High School in Albuquerque, New Mexico

Volcano Vista High School (VVHS) is a public senior high school located on the West Mesa of Albuquerque, New Mexico within the Albuquerque Public Schools District; 2014 enrollment is 2,300. The school opened in August 2007 to 9th grade students, adding 10th and 11th grades in August 2008, and 12th grade in August 2009. The first students graduated in May 2010. School colors are black, white and platinum and their mascot is the Hawks. The specific species of hawk is cited to be a red-tailed hawk, as displayed in the school's main corridor.

==Academics==

===School grade===
The NMPED (New Mexico Public Education department) replaced the "No Child Left Behind Act" and AYP testing with a new school grading formula, which took effect for the 2010–11 school years. The grade is calculated using many forms of testing, and includes graduation rates.

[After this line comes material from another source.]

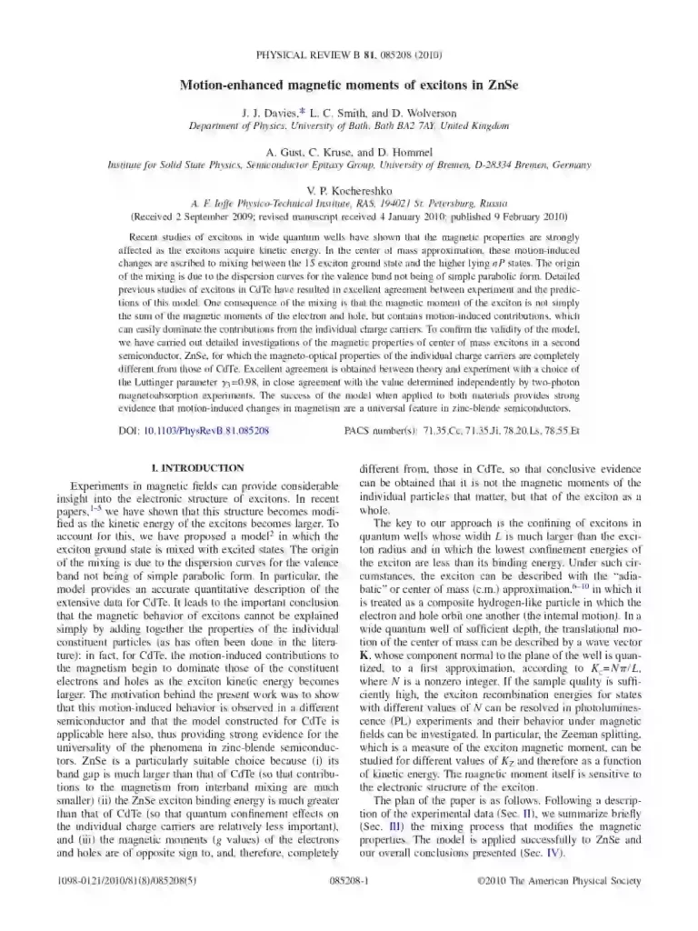 Digital Book Motion-Enhanced Magnetic Moments of Excitons in ZnSe Download Book Back to library Share

| School Year | Grade from NMPED |
|---|---|
| 2010-11 | B |
| 2011-12 | B |
| 2012-13 | A |
| 2013-14 | A |
| 2014-15 | B |
| 2015-16 | N/A |

===Student body statistics===

| Ethnicity | This school | State average |
|---|---|---|
| White (not Hispanic) | 40% | 29% |
| Hispanic | 55% | 56% |
| American Indian/Alaskan Native | 3% | 11% |
| African American | 1% | 3% |
| Pacific Islander | 2% | 1% |

==Athletics==
VVHS competes in the New Mexico Activities Association (NMAA), as a class 6A school in District 1. In 2014, the NMAA realigned the state's schools in to six classifications and adjusted district boundaries. In addition to Volcano Vista High School, the schools in District 1-6A include Cibola High School, V. Sue Cleveland High School, Rio Rancho High School and Santa Fe High School.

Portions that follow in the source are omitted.